**EXERCISE DESCRIPTION:** Among the entries below, only the lines from the one with "Seorang lelaki mengelar" through the one with "Яскравий комплект, у" are wanted, reproduced exactly. Pictures are not wanted.

**DATA EXTRACTS:**
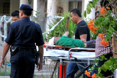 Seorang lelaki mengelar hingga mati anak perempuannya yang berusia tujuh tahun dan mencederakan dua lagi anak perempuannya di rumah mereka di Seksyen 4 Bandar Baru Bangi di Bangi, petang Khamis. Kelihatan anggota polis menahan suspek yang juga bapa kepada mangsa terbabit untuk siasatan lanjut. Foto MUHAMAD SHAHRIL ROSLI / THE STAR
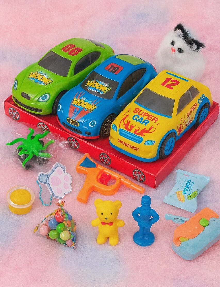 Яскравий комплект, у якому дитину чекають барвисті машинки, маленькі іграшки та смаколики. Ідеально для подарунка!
* * *
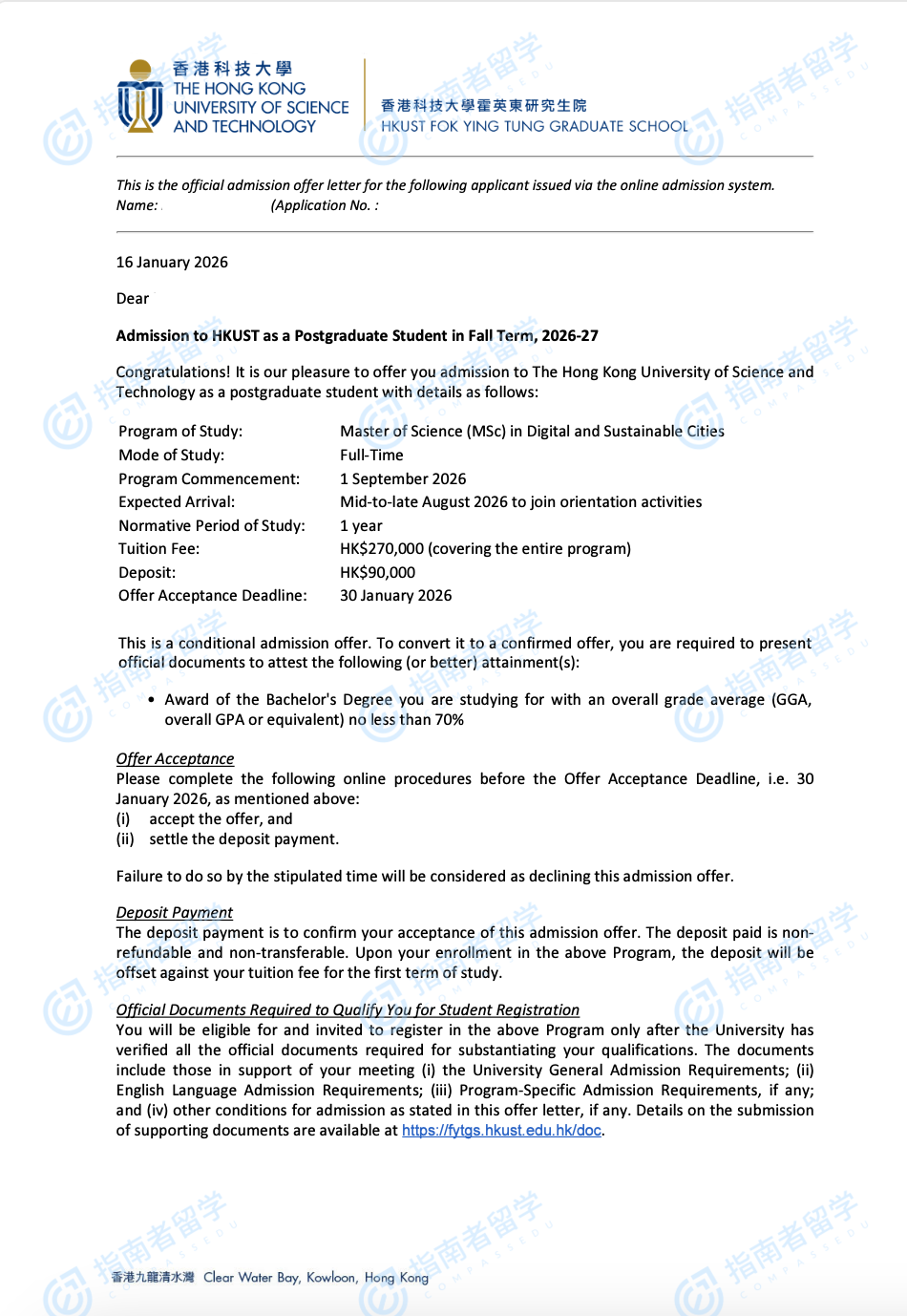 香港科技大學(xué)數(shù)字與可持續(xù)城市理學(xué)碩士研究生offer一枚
...
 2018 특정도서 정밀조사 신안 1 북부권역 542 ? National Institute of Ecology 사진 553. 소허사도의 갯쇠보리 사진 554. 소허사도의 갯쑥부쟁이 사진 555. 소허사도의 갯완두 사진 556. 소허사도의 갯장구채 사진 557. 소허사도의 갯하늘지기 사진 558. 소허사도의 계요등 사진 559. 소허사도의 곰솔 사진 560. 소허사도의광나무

**EXPECTED OUTPUT:**
 Seorang lelaki mengelar hingga mati anak perempuannya yang berusia tujuh tahun dan mencederakan dua lagi anak perempuannya di rumah mereka di Seksyen 4 Bandar Baru Bangi di Bangi, petang Khamis. Kelihatan anggota polis menahan suspek yang juga bapa kepada mangsa terbabit untuk siasatan lanjut. Foto MUHAMAD SHAHRIL ROSLI / THE STAR
 Яскравий комплект, у якому дитину чекають барвисті машинки, маленькі іграшки та смаколики. Ідеально для подарунка!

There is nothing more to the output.